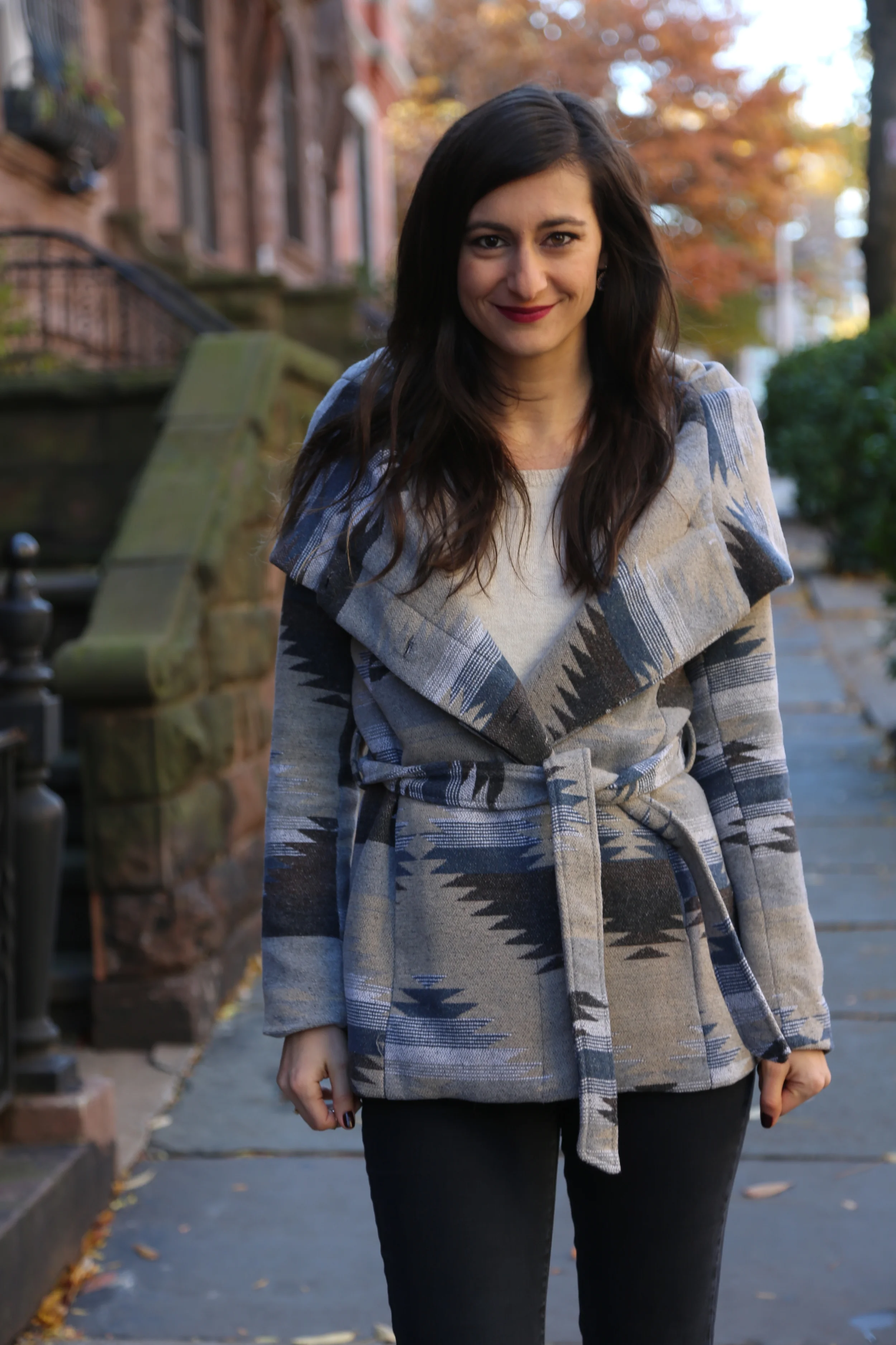 Friends! I had to share all the deets of this statement winter coat with you because it's such a steal! This cute Navajo print wrap jacket is only $39.99 from Target!! Whoa!! Now that's a good deal if you ask me! They have four fun color options (the plaid one is also adorable!) and all have a flattering feminine shape to the fit. I really liked this bold pattern for that cool western style. Plus it's a nice change from my typical black overcoat (read boring). You can dress it up or down (although I like it for casual days with ankle boots). Effortlessly chic!
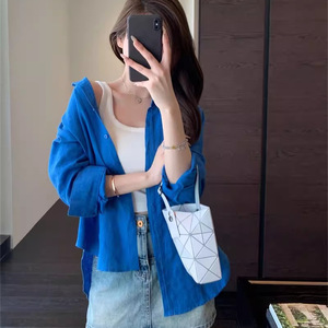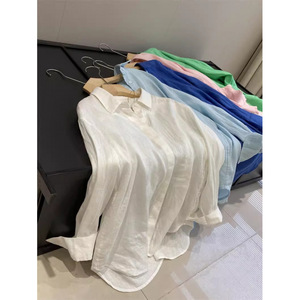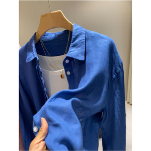 25 夏の怠惰なスタイルのファッションカジュアルコットンとリネン日焼け止め長袖シャツ女性のためのルーズ痩身通気性リネン薄手のシャツ
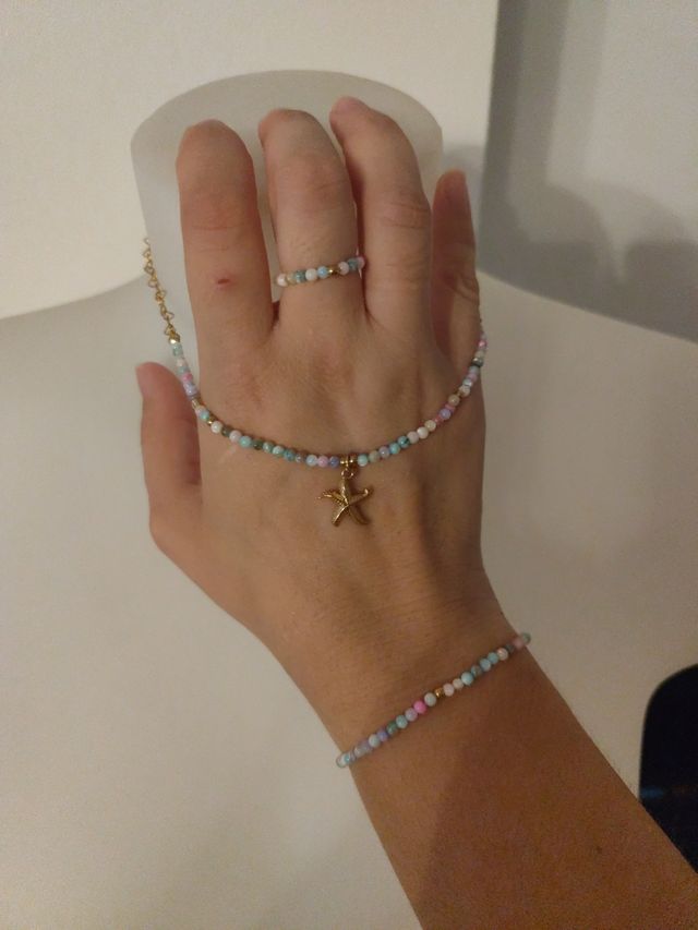 Conjunto Joyas Concha-Acero: Collar, Pulsera y Ani
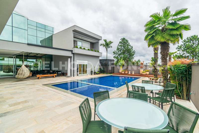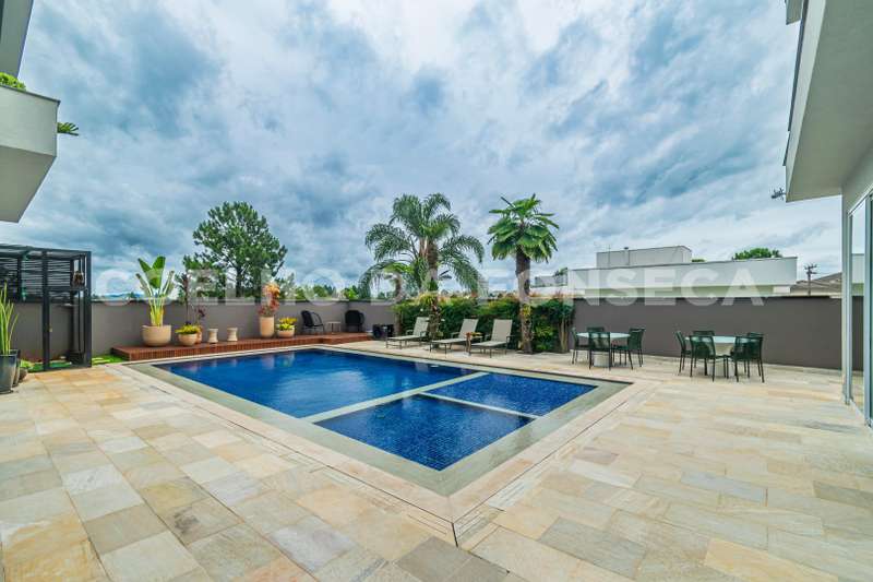 Belíssima casa moderna ! Pé direito duplo , com excelente luminosidade natural. Escritório, Home, diversas salas , possui suíte no térreo. Ambientes totalmente integrados e bem distribuídos. Completa em área de lazer, com piscina aquecida, sauna, hidro , academia, ampla área gourmet . Espaço pet. Condomínio cercado de muito verde com infraestrutura de lazer e segurança.
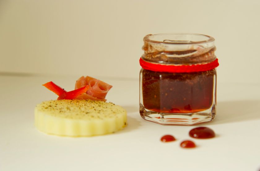 Oggi non sono andata in ufficio per colpa di una forte sinusite, quindi dopo il dottore, ho deciso di consolarmi con uno spuntino a base di formaggio, accompagnato con la Marmellata di Fragole e Peperoni. Io la uso indifferentemente insieme a stuzzichini salati o torte e biscotti dolci. Ha un sapore molto particolare, ma per i palati coraggiosi e senza pregiudizi è di certa soddisfazione.
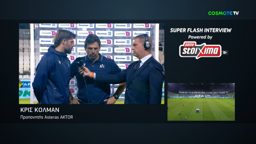 Ο Asteras AKTOR ηττήθηκε 2-0 από τον Παναθηναϊκό, με τον Κρις Κόλμαν να εκφράζει τα έντονα παράπονά του για τη διαιτησία στην κάμερα της Cosmote TV μετά το τέλος του αγώνα.
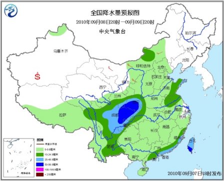 中新網9月7日電 據中央氣象臺預報,未來三天,全國降水范圍較大,其中,山東東部和南部、安徽北部、江蘇北部、湖北東部和西南部、湖南北部、四川中東部、重慶大部、云南東部、甘肅東南部、陜西南部、福建中南部、廣東東部及臺灣等地有大雨或暴雨,局部地區有大暴雨,上述部分地區并伴有短時雷雨大風等強對流天氣。
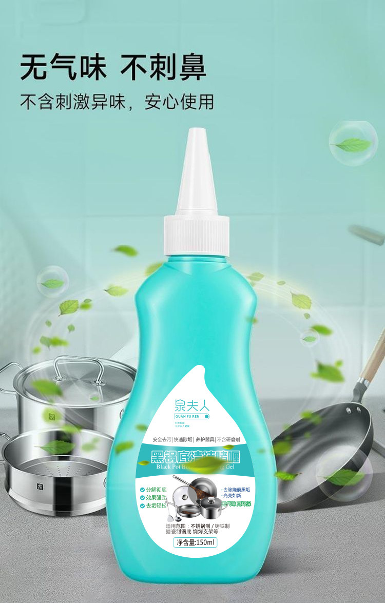 Mrs. Quan Pot 하단 블랙 클리너 강력한 불타는 블랙 스케일 스테인레스 스틸 냄비 먼지 제거 가정용 워시 포트 아티팩트
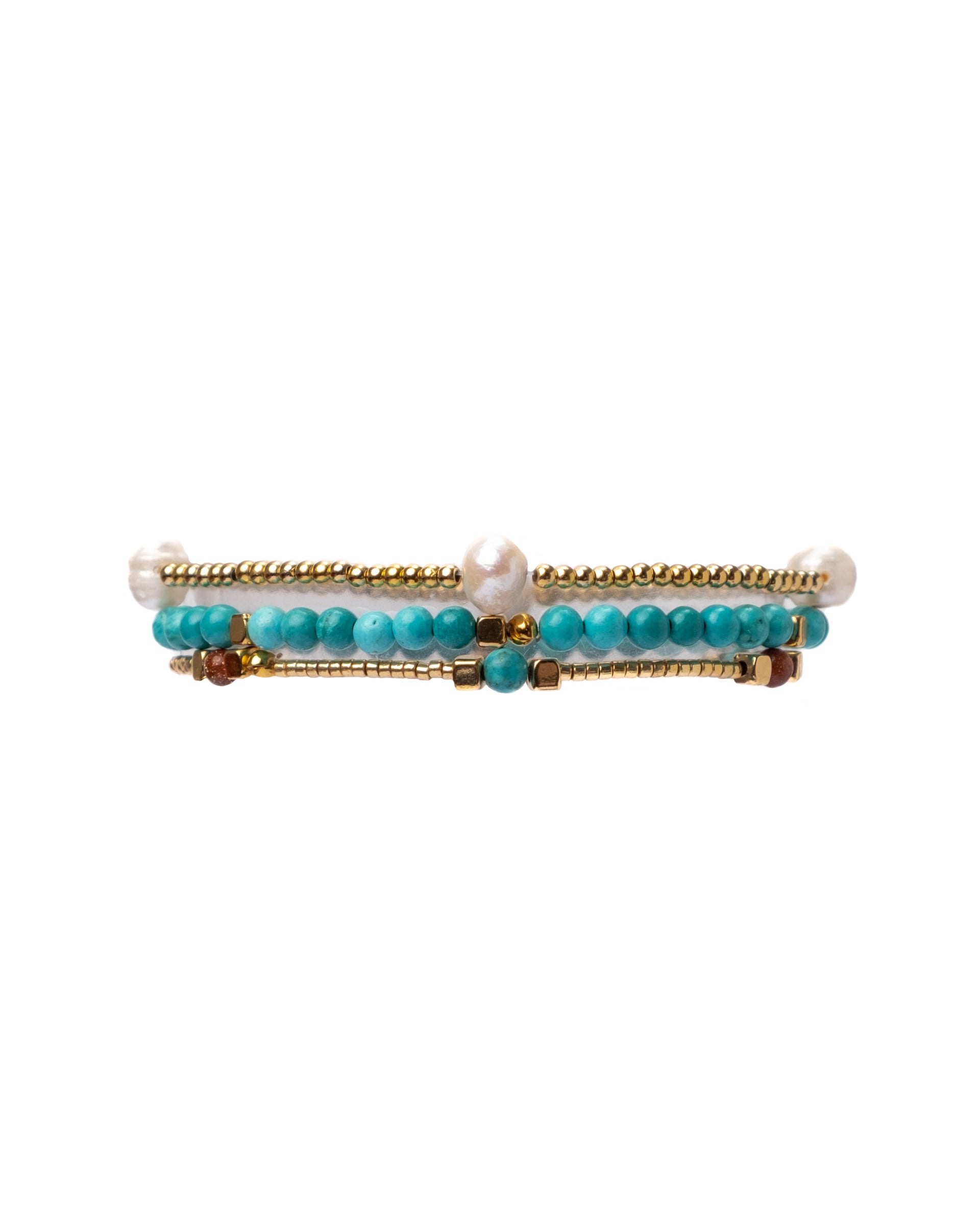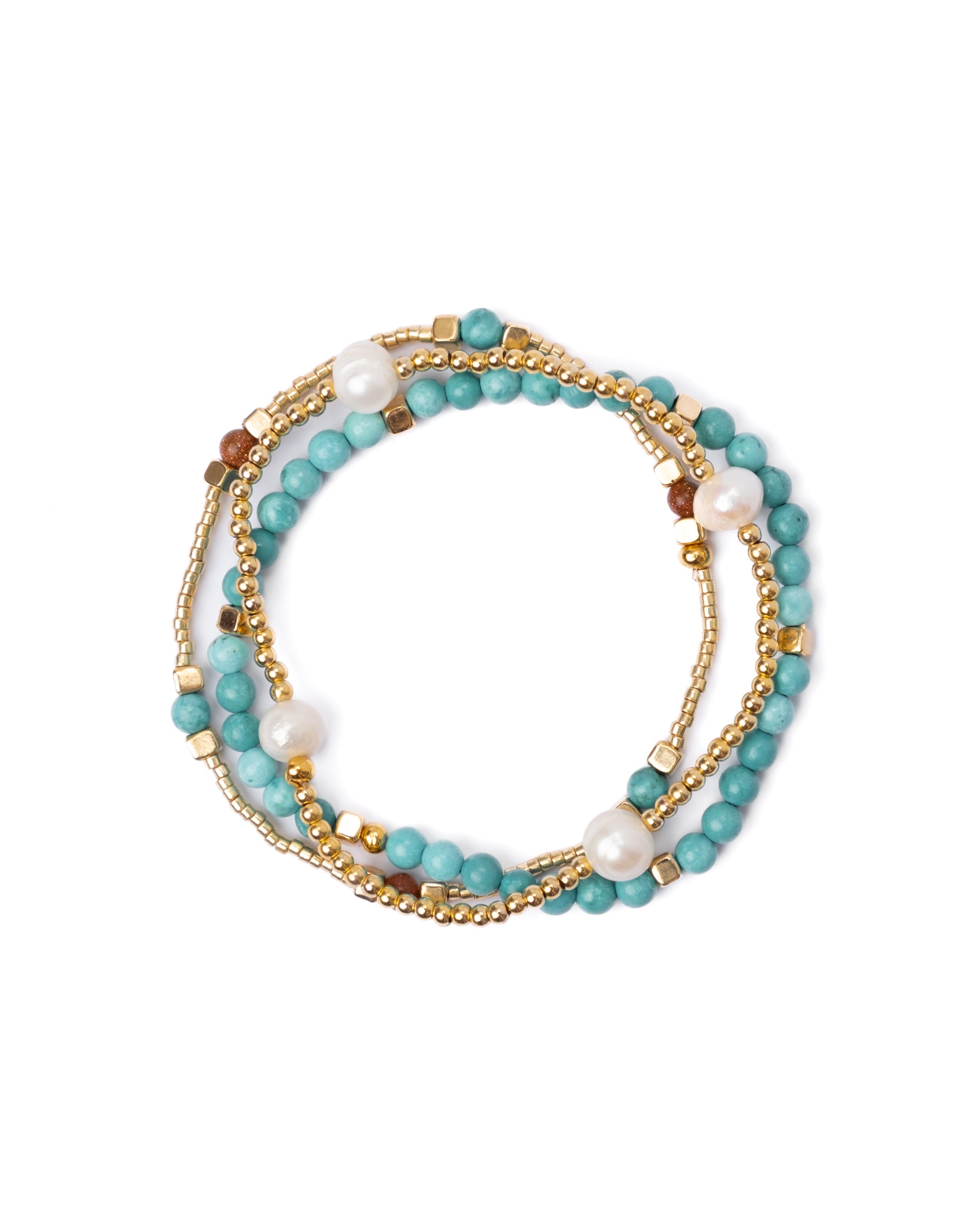 These stretch bracelet sets feature 3 unique bracelets that combine some of our favorite materials including semiprecious stones, river pearls and premium Japanese Miyuki glass beads. Distinct textures, shapes and colors make these the perfect stack to wear on their own or to combine with other bracelet favorites. Made from soft flexible elastic they fit a large range of wrist sizes.

▬▬▬▬▬▬▬▬▬▬

THE PROBLEM — Repeat the entries above exactly and skip the images.

EXERCISE RESPONSE —
 Friends! I had to share all the deets of this statement winter coat with you because it's such a steal! This cute Navajo print wrap jacket is only $39.99 from Target!! Whoa!! Now that's a good deal if you ask me! They have four fun color options (the plaid one is also adorable!) and all have a flattering feminine shape to the fit. I really liked this bold pattern for that cool western style. Plus it's a nice change from my typical black overcoat (read boring). You can dress it up or down (although I like it for casual days with ankle boots). Effortlessly chic!
 25 夏の怠惰なスタイルのファッションカジュアルコットンとリネン日焼け止め長袖シャツ女性のためのルーズ痩身通気性リネン薄手のシャツ
 Conjunto Joyas Concha-Acero: Collar, Pulsera y Ani
 Belíssima casa moderna ! Pé direito duplo , com excelente luminosidade natural. Escritório, Home, diversas salas , possui suíte no térreo. Ambientes totalmente integrados e bem distribuídos. Completa em área de lazer, com piscina aquecida, sauna, hidro , academia, ampla área gourmet . Espaço pet. Condomínio cercado de muito verde com infraestrutura de lazer e segurança.
 Oggi non sono andata in ufficio per colpa di una forte sinusite, quindi dopo il dottore, ho deciso di consolarmi con uno spuntino a base di formaggio, accompagnato con la Marmellata di Fragole e Peperoni. Io la uso indifferentemente insieme a stuzzichini salati o torte e biscotti dolci. Ha un sapore molto particolare, ma per i palati coraggiosi e senza pregiudizi è di certa soddisfazione.
 Ο Asteras AKTOR ηττήθηκε 2-0 από τον Παναθηναϊκό, με τον Κρις Κόλμαν να εκφράζει τα έντονα παράπονά του για τη διαιτησία στην κάμερα της Cosmote TV μετά το τέλος του αγώνα.
 中新網9月7日電 據中央氣象臺預報,未來三天,全國降水范圍較大,其中,山東東部和南部、安徽北部、江蘇北部、湖北東部和西南部、湖南北部、四川中東部、重慶大部、云南東部、甘肅東南部、陜西南部、福建中南部、廣東東部及臺灣等地有大雨或暴雨,局部地區有大暴雨,上述部分地區并伴有短時雷雨大風等強對流天氣。
 Mrs. Quan Pot 하단 블랙 클리너 강력한 불타는 블랙 스케일 스테인레스 스틸 냄비 먼지 제거 가정용 워시 포트 아티팩트
 These stretch bracelet sets feature 3 unique bracelets that combine some of our favorite materials including semiprecious stones, river pearls and premium Japanese Miyuki glass beads. Distinct textures, shapes and colors make these the perfect stack to wear on their own or to combine with other bracelet favorites. Made from soft flexible elastic they fit a large range of wrist sizes.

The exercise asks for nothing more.